Another Shortcut: The Two Model Approach
In the last decade or so, several software vendors have realized the serious inadequacy of using the normal demand distribution for modeling slow-moving item behavior. For those who have tried to solve the problem, the most common remedy has been to create a second model, normally based on one of the many derivations of Croston’s method,explicitly dedicated to “slow movers”. Croston’s method was originally created in the 1970’s and is based more on empirical considerations than on a sound scientific basis. It has proven useful to avoid crazy forecast behaviors of intermittent demand items, but nothing more than that. It doesn’t provide any reliable way to set safety stocks and target a specific service level, particularly for slow moving items.
Finally, the two model approach requires an “a-priori” classification of the SKU’s, separating the “normal” ones from the “lumpy” ones. Products are split into two separate categories, making use of two entirely different modeling techniques for the two categories. All observed real world phenomena present an infinite variety of different behaviors, not just two extremes. Inventory modeling is no exception to this rule.
Succeeding in a Long Tail Environment
It is evident that customer demand has become more geographically scattered, occurs in smaller quantities and is for more specialized products. Nobody can deny this is a clear challenge. Can we really understand the implications on the inventory behavior of a large number of items well enough to achieve “service level excellence”. Using the right technology, the answer can be yes. If you want to fine tune your inventories to achieve very high customer service levels and the important benefits it brings, you have to master the shape of the demand distribution and the right-hand tail. You must avoid modeling shortcuts and approximations that can prevent you from getting close to your target.

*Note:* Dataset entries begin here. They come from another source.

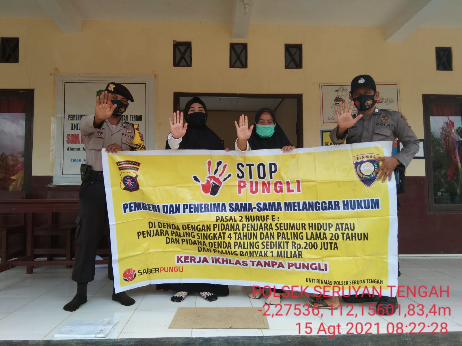 Kapolres Seruyan AKBP BAYU WICAKSONO, S.H.,S.I.K.M.Si melalui Kapolsek Seruyan Tengah IPTU ROBERTUS SONNY A.W, S. Sos. menjelaskan bahwa, menjelaskan dengan adanya sosialisasi dari anggota Polsek Serteng ini agar masyarakat merasa nyaman dengan tidak adanya pungutan liar. Mari kita mencegah praktek – praktek pungli, sehingga tercipta pelayanan publik masyarakat yang baik.
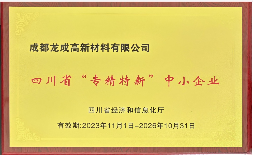 成都龙成高新材料有限公司四川省“专精特新”中小企业证书
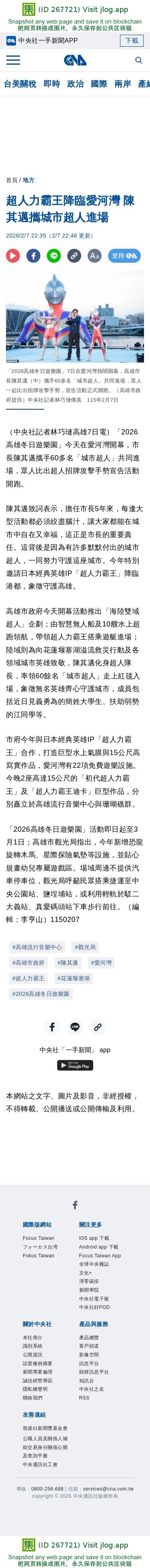 超人力霸王降臨愛河灣 陳其邁攜城市超人進場 | 地方 | 中央社 CNA
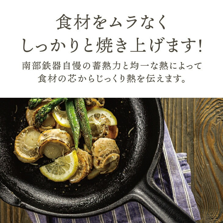 こちらのフライパンは南部鉄器独自の特徴として、蓄熱力と均一に広がる熱によって、食材をムラなくしっかり焼き上げることができます。ぜひ末永くご愛用いただければ幸いです。

Achieving a high service level in the long tail world requires inventory modeling technology that can master demand behavior and probability distributions across a very wide variety of demand patterns requires the following capabilities:
- A very reliable demand modeling technology that automatically adjusts all relevant statistical parameters, in a seamless way across a wide range of SKU behaviors, understanding all elements of demand uncertainty and considering not only forecast errors, but also the “intrinsic demand variability” caused by a certain order-line frequency and order-line size distribution
- Advanced inventory modeling that, by eliminating many of the gross approximations of traditional inventory management theory, can provide very reliable descriptions of statistical inventory behavior.
- Logic for demand signal propagation that combines the superior capabilities of both demand modeling and inventory modeling, to model the impact of replenishment parameters and constraints at each echelon of the supply chain.
- A solution that assures very good adherence between plans and actual performance, reducing the need for emergency interventions, and thus allowing disciplined inventory and service planning processes.